Replace `<YOUR_API_KEY>` with your API key below.

*If you don't have an API Key, feel free to [signup on our website](https://www.shaped.ai/#contact-us) :)*

In [None]:
import os

SHAPED_API_KEY = os.getenv('TEST_SHAPED_API_KEY', '<YOUR_API_KEY>')

1. Install `shaped` to leverage the Shaped CLI to create, view, and use your model.
2. Install `pandas` to view and edit the sample dataset.
3. Install `pyyaml` to create Shaped Dataset and Model schema files.
4. Install `numpy` for numerical operations.

In [None]:
! pip install shaped
! pip install pyyaml
! pip install pandas==1.5.3
! pip install numpy==1.26.4

Initialize the CLI with your API key.

In [None]:
! shaped init --api-key $SHAPED_API_KEY

### Download Public Dataset

Fetch the publicly hosted Steam Australian Users reviews dataset. This dataset contains information about Australian Steam users and the games they've reviewed.

In [None]:
! wget https://mcauleylab.ucsd.edu/public_datasets/data/steam/australian_user_reviews.json.gz --no-check-certificate

### Parse and Prepare the Dataset

The Steam reviews dataset is stored in a JSON.gz file with a slightly complex structure. Each record contains a user_id and an array of reviews for different games. We need to transform this into a flattened format where each row represents a single user-game review.

Let's examine how to parse this data:

In [None]:
import pandas as pd
import numpy as np
import gzip
import json

def parse(path):
    """Parse each line of the compressed JSON file."""
    g = gzip.open(path, 'r')
    for l in g:
        yield eval(l)

def read_data(path):
    """Read all data from the compressed JSON file."""
    data = list(parse(path))
    return data

Now we'll read the dataset, flatten its structure, and save it as a TSV file that Shaped can work with.

In [None]:
# Read the compressed dataset
users_reviews = read_data('australian_user_reviews.json.gz')

# Parse the user reviews data
def parse_reviews_data(json_data):
    """Extract structured data from the reviews JSON."""
    cleaned_reviews = []

    for user_data in json_data:
        user_id = user_data.get('user_id')

        # Process each review for this user
        if 'reviews' in user_data and isinstance(user_data['reviews'], list):
            for review in user_data['reviews']:
                # Extract needed fields
                item_id = review.get('item_id')
                recommend = 1 if review.get('recommend', False) else 0

                # Parse the posted date if available
                posted_date = review.get('posted', '')
                # Extract date from string like 'Posted November 5, 2011.'
                import re
                date_match = re.search(r'Posted (\w+ \d+, \d{4})', posted_date)

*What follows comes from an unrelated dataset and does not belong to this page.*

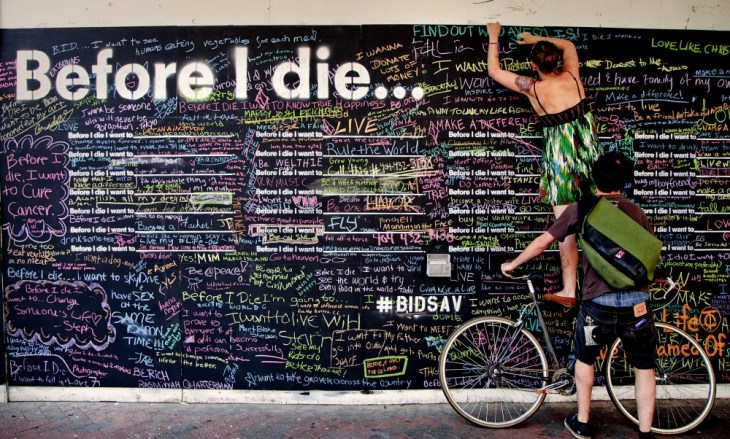 The Before I Die Project website explains that: “Each wall is created by local residents who want to make a space in their community to restore perspective and share more with one another. Each wall is a tribute to living an examined life.”

                if date_match:
                    from datetime import datetime
                    try:
                        # Parse the date string to a datetime object
                        date_str = date_match.group(1)
                        date_obj = datetime.strptime(date_str, '%B %d, %Y')
                        # Convert to YYYY-MM-DD format
                        created_at = date_obj.strftime('%Y-%m-%d')
                    except:
                        # Use a default date if parsing fails
                        created_at = '2000-01-01'
                else:
                    created_at = '2000-01-01'

                # Create clean review record
                clean_review = {
                    'user_id': user_id,
                    'item_id': item_id,
                    'created_at': created_at,
                    'recommend': recommend
                }

                cleaned_reviews.append(clean_review)

    return cleaned_reviews

# Get the cleaned reviews data
cleaned_reviews = parse_reviews_data(users_reviews)

# Convert cleaned reviews to a DataFrame
df = pd.DataFrame(cleaned_reviews)
print(f"Dataset shape: {df.shape}")
print("Sample data:")
print(df.head())

# Save as TSV
csv_file_path = 'user_reviews.csv'
df.to_csv(csv_file_path, sep='\t', index=False)

### Upload Data to Shaped

Now that we have our data prepared, let's upload it to Shaped. First, we'll define a dataset schema:

In [None]:
import yaml
steam_review_events_schema = {
    "name": "steam_review_events",
    "schema_type": "CUSTOM",
    "column_schema": {
        "user_id": "String",
        "item_id": "String",
        "created_at": "DateTime",  # Using DateTime for review dates
        "recommend": "Int32"      # 1 for recommended, 0 for not recommended
    }
}

# Save schema to YAML file
schema_file_path = 'steam_review_events_schema.yaml'
with open(schema_file_path, 'w') as file:
    yaml.dump(steam_review_events_schema, file)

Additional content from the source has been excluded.